Introduction from Tom Petty (Liner Note)

Heartbreakersはライヴ・バンドであることがいつでも第一だった。バンドの経歴が、スタジオ・アルバムの文脈で語られることは理解できる。それが最もはっきりとした指標であるからだ。しかし、僕たちはステージの上であまりにも多くの時間を過ごしてきた。そこに血が流れているんだ。僕たちがそこで体験するものをとらえる時が来たと、僕は感じた。それは、保管庫を開けて、何千時間もの録音を見直すことを意味した。一瞬、そのとてつもない量に動作が止まってしまった。しかし、そこで見つけたものは、僕たちに興味を与え続けた。僕たちがめぐり合ったいくつもの瞬間が信じられないものだったのだ。

これらをまとめる過程は、集中的であったにしても、結構明快なものだった。全てを聴いて、最高のものを選んで、何らかの順序をつけて並べることだ。明快ではあったが、決して簡単ではなかった。僕たちは、基準となるいくつかの目安を決めた。第一に、これはグレイテスト・ヒッツのライヴ集(「早いテンポのグレイテスト・ヒッツ」と僕は呼んでる)にしたくないということだ。2つ目に、曲を時系列に並べる考えを捨てたことだ。それよりも、僕たちは音楽的に感動が引き継がれるような、正しいと感じられる順序にこだわった。他のレコードと同じように、まずはムードを考えて曲の順番を決めた。3つ目に、僕たちはどの録音にも手を加えたくなかった。オーバーダビングも修正もなしだ。どんな間違いでもその演奏の一部なんだ。4つ目に、このコレクションは頑張っているバンド、地に足をつけて考えられるバンドのことなんだ。僕たちが時々演奏するカバー曲はHeartbreakersが何者であるか、ヒット曲よりも僕たちが音楽的にどう考えてるかをより明らかにしている。カバー曲は特別な何かを表現し、僕たちはいつも他の全ての曲と同じように真剣に考えてきた。だから、たとえ一部の曲が1回か2回だけ演奏されてセットリストから消えた曲であったとしても、多くのカバー曲を入れることを恥ずかしいとは思わなかった。

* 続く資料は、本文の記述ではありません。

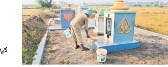
ములుగులో మాజీ సర్పంచ్ భర్త సోదరుడి సమాధిని శుభ్రం చేస్తున్న జీపీ కార్యకుడు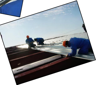
«ՏԵԽՇԻՆ» ՍՊԸ 2015թ.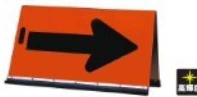
HY矢印板 HY-1 把手付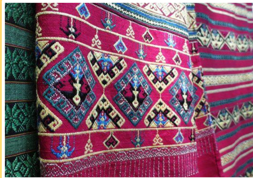
ผ้าทอโบราณ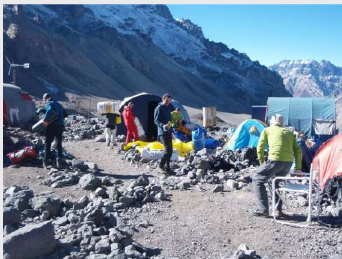
Pripreme za povratak

Dan zaljubljenih... i silaska u bazu... Prvo do Nida, pokupili đubre koje smo tamo ostavili, pa do baze. Od nas 23 popelo se 14... od toga je 5 odustalo nakon Berlina, što Miloš kaže da je nezapamćeno, jer su do sada svi koji su stizali do Berlina izlazili na vrh. On je ocenio našu grupu izvrsnom što se tiče fizičkih sposobnosti, ali nešto nije štimalo, vreme, pritisak, šta li..... U bazi, nema nekog odmora, pakujemo stvari koje idu na mule i spremamo se za sutrašnji silazak u civilizaciju.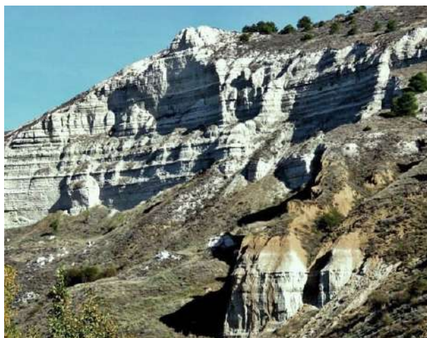
Cortados Cabezón de Pisuega, Valladolid

La senda de los cortados del Pisuega (PRC-VA8) es un recorrido circular de 8 km, homologado por la Federación Castellano Leonesa de Montaña. Tiene un gran valor geológico, con paramos, cuevas y valles, lo cual crea un paisaje idílico para los amantes del senderismo, el ciclismo e incluso la escalada. Comienza en la localidad de Cabezón de Pisuega y se puede hacer en varios tramos. El primer tramo, desde el Barrio de Bodegas al Mirador del puente. Este recorrido tiene unas vistas y unas puestas de sol inolvidables. Debido a la erosión a lo largo de millones de años del río Pisuega, se han ido creando unos enormes tajos en los cerros que forman las paredes verticales con altos precipicios. La dificultad de este recorrido es media, siendo el tiempo estimado en su realización de 2 horas y media, y cuenta con un desnivel de 157 metros.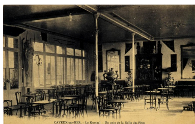
Intérieur du Kursaal, carte postale, 1er quart 20e siècle (coll. part.). IVR22_20058000456XAB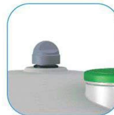
Aération en partie haute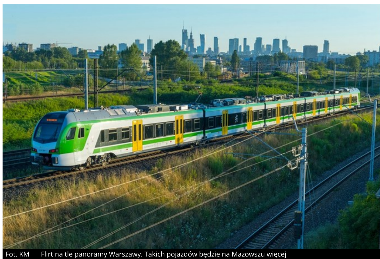
Flirt na tle panoramy Warszawy. Takich pojazdów będzie na Mazowszu więcej

Koleje Mazowieckie skorzystały z opcji na dostawę 10 pięcioczonowych ezt w ramach umowy na dostawę 15 pięcioczonowych ezt zawartej na początku lipca. Oznacza to, że umowa na dostawę 15 plus 10 ezt zostanie zrealizowana w pełnym zakresie. Doliczając 25 pojazdów Flirt zamówionych na podstawie umowy ramowej (w realizacji są już dwie pierwsze umowy wykonawcze) Stadler Polska wyprodukuje dla Kolei Mazowieckich łącznie 50 nowych pojazdów typu Flirt.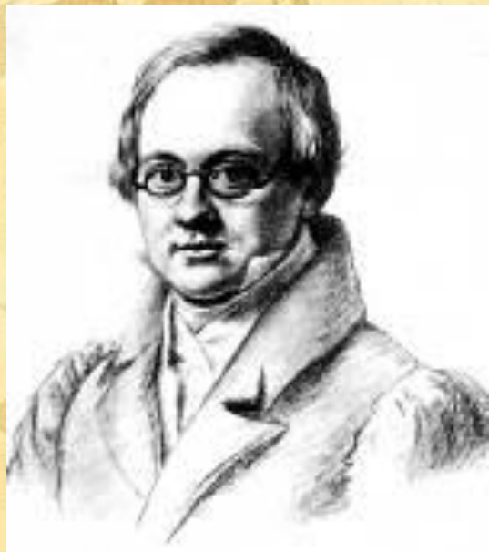
Антон Антонович Дельвиг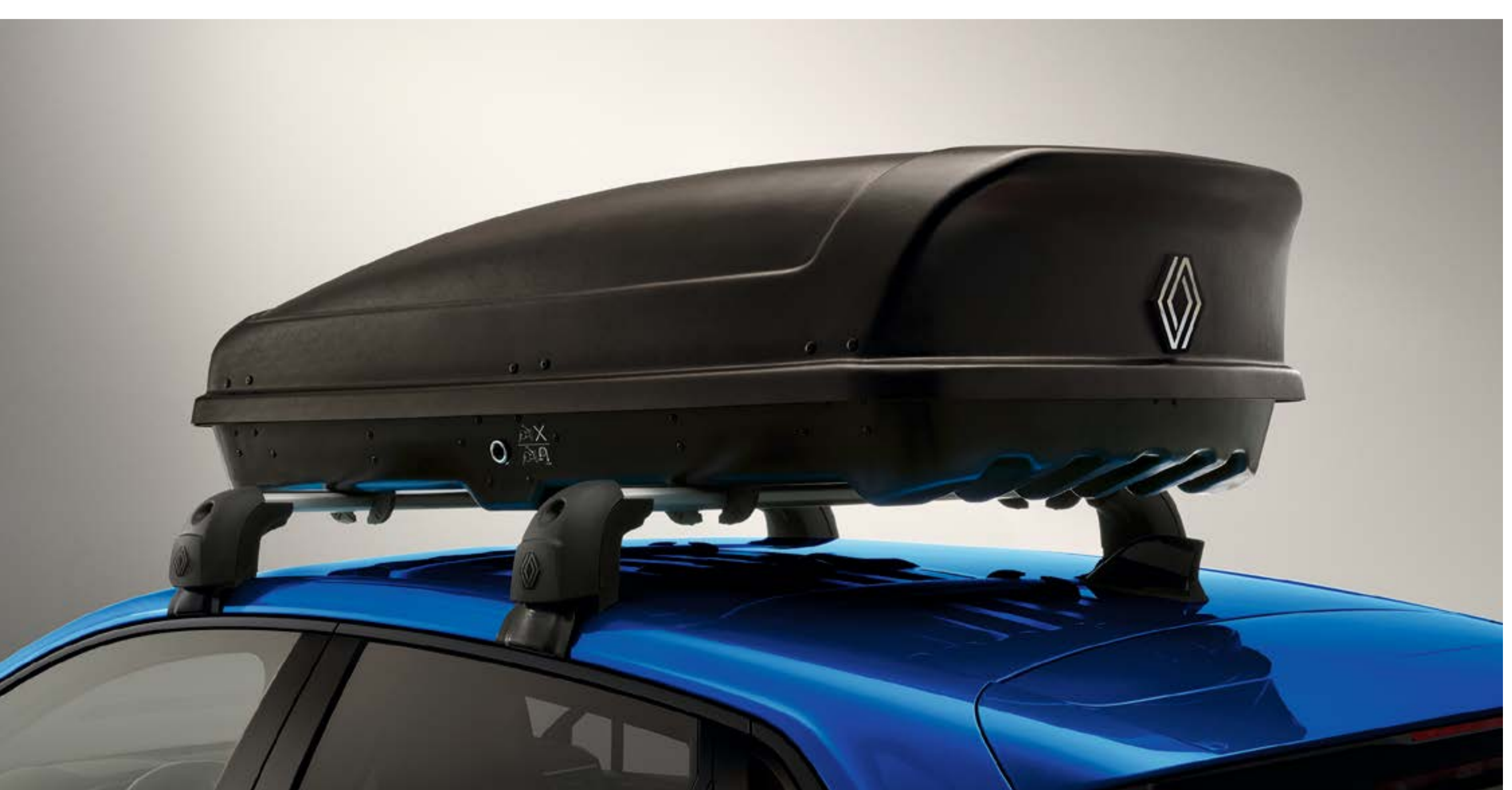
kufer dachowy - 380 l

Zapewnij sobie większą przestrzeń ładunkową, dzięki łatwemu w mocowaniu kufrom dachowym i uchwytom na narty.

過小表現になってしまうけど、僕はこのバンドを誇りに思っている。『The Live Anthology』の制作にあたって、その理由を明らかにできることを僕は願っていた。そして、僕たちはそれが出来たと思う。コーヒーと聴くことから生まれたインスピレーションを糧にして、費やした長い日々の中、僕が感銘したことは、録音(音源)が記憶の倉庫をバールでこじ開けるような存在だったことだ。曲が演奏されると、記憶から失われたであろう瞬間がフルカラーで蘇ってきたんだ。これが音楽の驚くべき点で、人生のサウンドトラックの一部となって人々の世界に入っていく。(Bill Haley & the Cometsの)”Rock Around The Clock” … 子供の頃にこの曲を聴いたことを覚えている。家族旅行で(フロリダ州)デイトナ・ビーチに行き、小さな別荘にいたときだ。たった5歳のとき、芝生の上を駆け回っていて、”One o’clock, two o’clock, three o’clock, rock”を聴いたのを覚えている。あの曲を聴くたびに、僕はそのときの天気、芝生の匂い、空の色に瞬時に引き戻されるんだ。音楽がこんな風に感覚を変えてしまうのって凄いことだ。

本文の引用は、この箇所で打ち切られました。